--- Task directions ---
Starting with the line that contains "(Fixed Magnet Type)", give again exactly and only each line through the end of the records; include the last line and exclude pictures.

Records contained in a dataset:
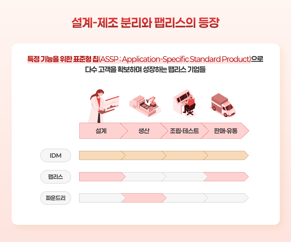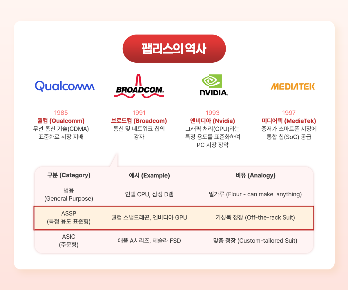 제조의 부담이 사라지자, 공장 없이 설계와 마케팅에만 집중하는 ‘팹리스(Fabless)’ 기업들이 본격적으로 생겨났다. 1985년 무선 통신 기술(CDMA)을 표준화한 퀄컴(Qualcomm)을 시작으로, 1991년에는 통신·네트워크 칩 분야의 브로드컴(Broadcom)이, 1993년에는 그래픽 처리 장치(GPU) 시장을 개척한 엔비디아(Nvidia)가 설립되었다. 이어 1997년에는 통합 칩 솔루션으로 성장한 대만의 미디어텍(MediaTek)이 설립되었다. 여기서 주목해야 할 점은 이들의 성공 방식이 단순한 주문형 반도체(ASIC)가 아닌 ‘특정 용도 표준 제품(ASSP, Application-Specific Standard Product)’이었다는 사실이다. ASIC이 특정 고객 한 곳만을 위한 ‘맞춤 정장’이라면, ASSP는 통신이나 그래픽 같은 특정 기능에 특화되면서도 삼성, LG전자 등 다수의 고객에게 팔 수 있는 고급 ‘기성복’과 같았다.
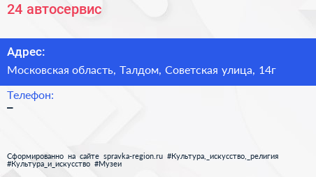 24, автосервис по адресу Московская область, Талдом, Советская улица, 14г в дальнейшем Организация, размещена в следующих категориях:
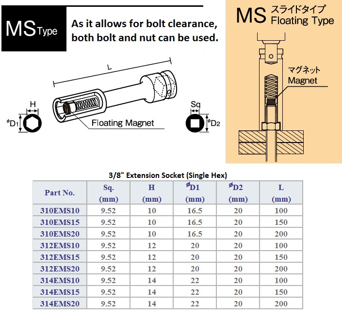 1/2" MP Extension Socket (Fixed Magnet Type)
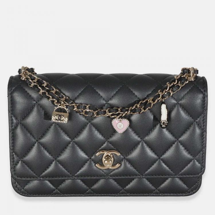 Chanel Black Pearly Quilted Lambskin Charms Wallet On Chain
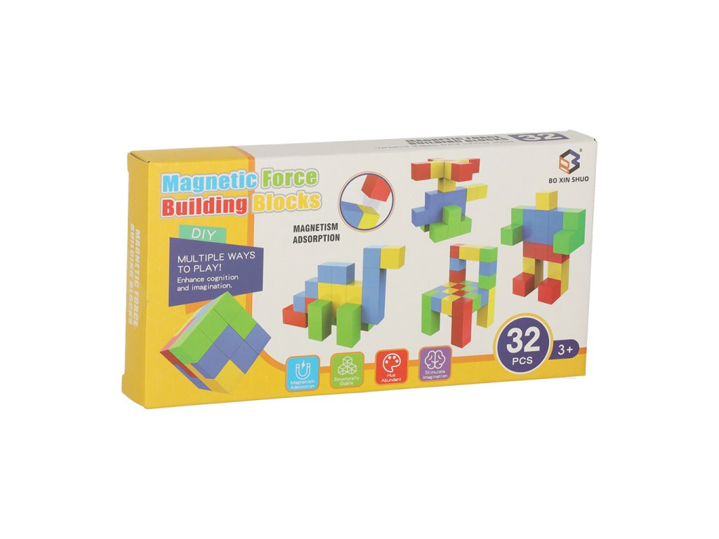 Tato sada 32 magnetických kostek představuje zábavný způsob, jak si děti mohou vytvářet různé figurky a struktury. Každá kostka má čtvercový tvar a díky vestavěným magnetům se k ostatním připojuje, což zajišťuje stabilitu konstrukce. Kostky se dodávají ve čtyřech barvách: zelená, žlutá, červená a modrá. Hračka podporuje rozvoj motorických dovedností, kreativity a logického myšlení.

--- Answer space ---
 1/2" MP Extension Socket (Fixed Magnet Type)
 Chanel Black Pearly Quilted Lambskin Charms Wallet On Chain
 Tato sada 32 magnetických kostek představuje zábavný způsob, jak si děti mohou vytvářet různé figurky a struktury. Každá kostka má čtvercový tvar a díky vestavěným magnetům se k ostatním připojuje, což zajišťuje stabilitu konstrukce. Kostky se dodávají ve čtyřech barvách: zelená, žlutá, červená a modrá. Hračka podporuje rozvoj motorických dovedností, kreativity a logického myšlení.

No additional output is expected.